The embodiment mainly solves the classification problem facing the unbalanced data set, and the method realizes the organic combination of two strategies of sample resampling and classifier improvement. The method creatively adopts a resampling method combining unsupervised clustering and K-nearest neighbor rules to select and prune the samples of the unbalanced data set, thereby not only effectively balancing the skew state of the samples, but also greatly reducing the number of support vectors, and remarkably improving the classification speed while improving the classification effect.

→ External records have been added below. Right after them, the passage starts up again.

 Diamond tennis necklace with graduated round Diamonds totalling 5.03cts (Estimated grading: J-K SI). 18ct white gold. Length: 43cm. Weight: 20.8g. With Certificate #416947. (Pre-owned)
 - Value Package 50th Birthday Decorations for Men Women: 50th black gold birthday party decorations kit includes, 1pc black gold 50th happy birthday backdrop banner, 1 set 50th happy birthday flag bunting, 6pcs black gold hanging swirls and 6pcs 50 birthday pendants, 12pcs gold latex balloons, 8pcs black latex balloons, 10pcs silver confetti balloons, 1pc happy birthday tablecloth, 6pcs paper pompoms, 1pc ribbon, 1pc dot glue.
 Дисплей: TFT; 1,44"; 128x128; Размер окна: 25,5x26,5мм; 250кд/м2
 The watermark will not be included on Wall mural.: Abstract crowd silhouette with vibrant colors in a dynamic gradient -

The sampling method overcomes the defects of lack of theoretical basis, strong randomness, man-made subjective interference, information loss and the like of the traditional sampling method, simultaneously well solves the aliasing phenomenon in the data, and obviously improves the generalization performance of the subsequent SVM classifier. In order to adapt to the state of sample unbalance, the SVM classification model is also improved. Through the transformation of the kernel function, an unbalance factor is introduced to automatically adjust the classification surface according to the unbalance ratio so as to achieve the purpose of class boundary calibration.

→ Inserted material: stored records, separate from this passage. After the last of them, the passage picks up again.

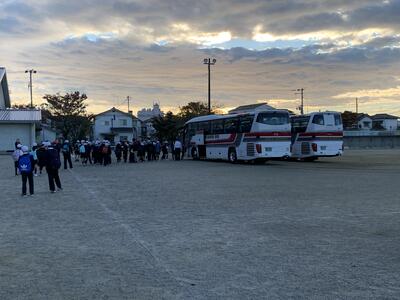 出発式をして、バスに乗りました。
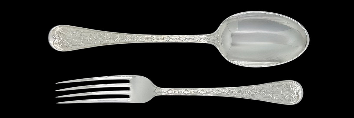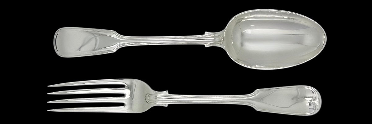 Deriving it's name from it's fiddle-shaped handle, Fiddle Pattern is one of the major designs in British Flatware. Early examples can be found from the Roman period, however it was the mid 18th Century when it first became popular in England, the design originating from France.
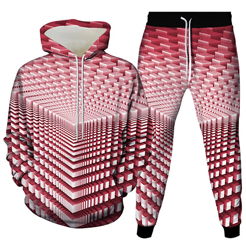 Men's Geometric Optical Illusion 2pcs 3D Sweatshirt Sets Tracksuit Hoodie Sweatshirt Long Sleeve Long pants Hooded Casual Daily Athleisure 3D Print Spring Fall Winter Yellow Green Red
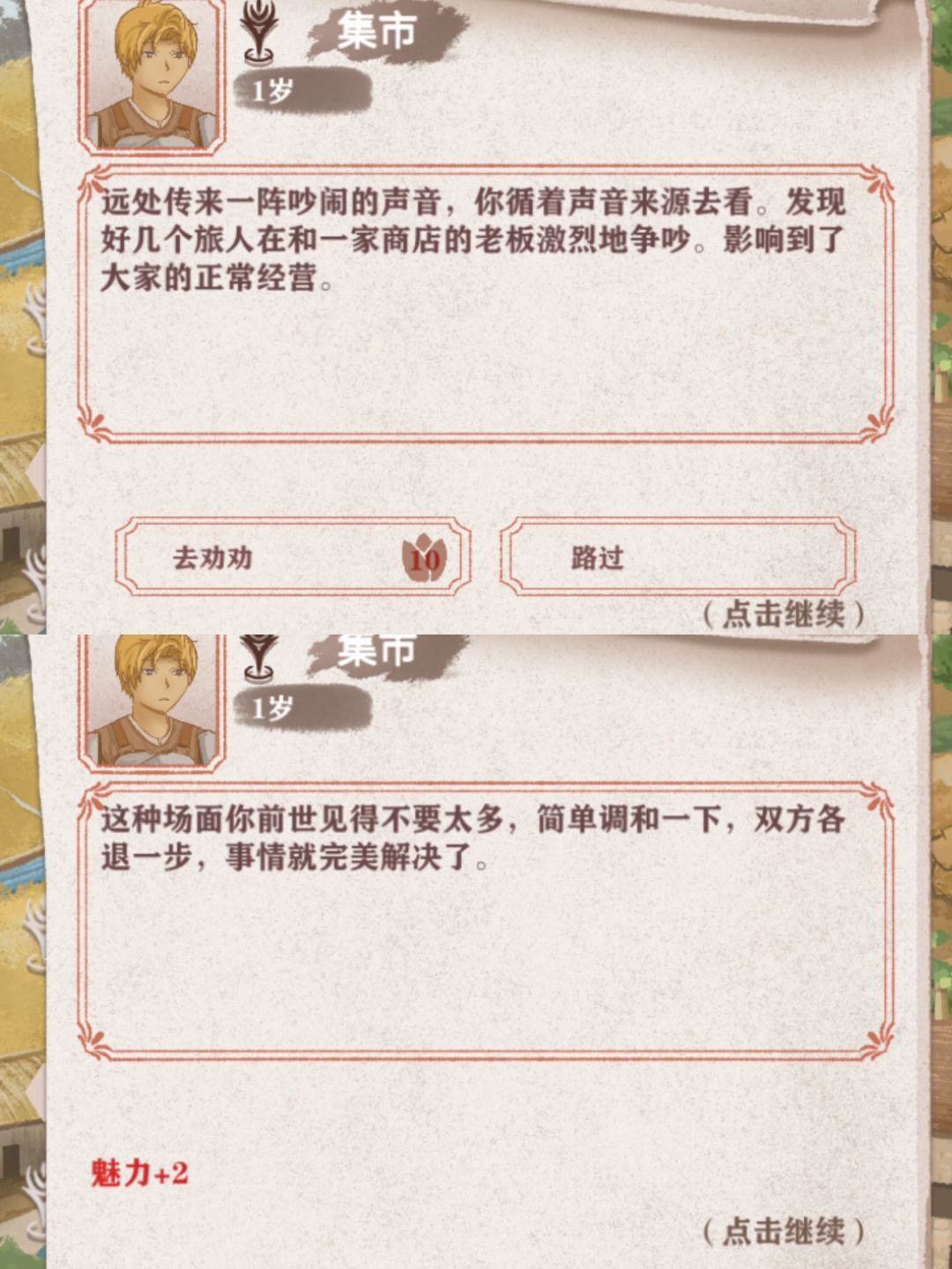 12.两个商人吵架,需要10魅力值,+2魅力。
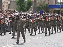 The first Bersaglieri fanfare band was born on 1 July 1836, when a department left the Ceppi barracks in Turin with wind instruments together with their weapons.[3] The meeting for the musical training of the trumpeters of the various companies gave rise to the battalion fanfare band, which in a few years became an independent unit, while serving the individual companies that also continued to have their own trumpeters. Over time, other wind instruments were added in addition to the trumpets. At this time, the fanfara also began its tradition of marching at a jogging pace. According to popular tradition, the use derives from the entrance in Rome to the breach of Porta Pia in 1870, which was to take place at a charge pace, but which instead spontaneously became a race for the soldiers.
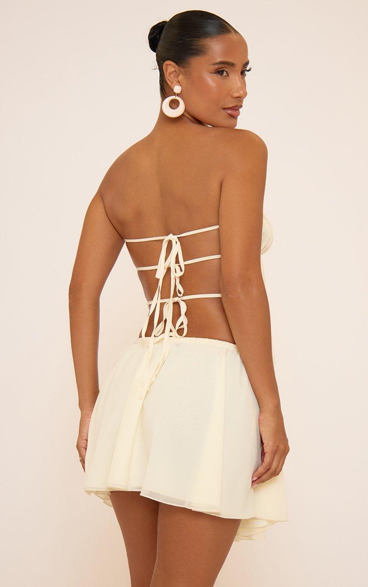 Low Rise Lace Waistband Detail Pleated Mini Skirt In Cream

Aiming at the classification problem of unbalanced data sets, the resampling method is an effective way for solving data imbalance, and the key point is how to eliminate a large amount of noise information, obviously reduce the data skewness degree, and ensure the minimum information loss to reserve most of sample points which are useful for classification learning. Self-Organizing mapping networks (SOM) are a method for simulating the Self-Organizing characteristics of human brains, and the method can well realize order-preserving mapping from high-dimensional data to two-dimensional plane space, so that the SOM clustering method has obvious advantages in processing the high-attribute dimensional data compared with other methods, has strong anti-noise interference capability, and can improve the processing speed by adopting parallel processing. The clustering method using the dynamic self-organizing map (V-SOM) is to avoid the phenomenon of under-utilization of neurons due to neuron expansion, and also to overcome the problem of boundary effect easily caused by rectangular structures and other structures.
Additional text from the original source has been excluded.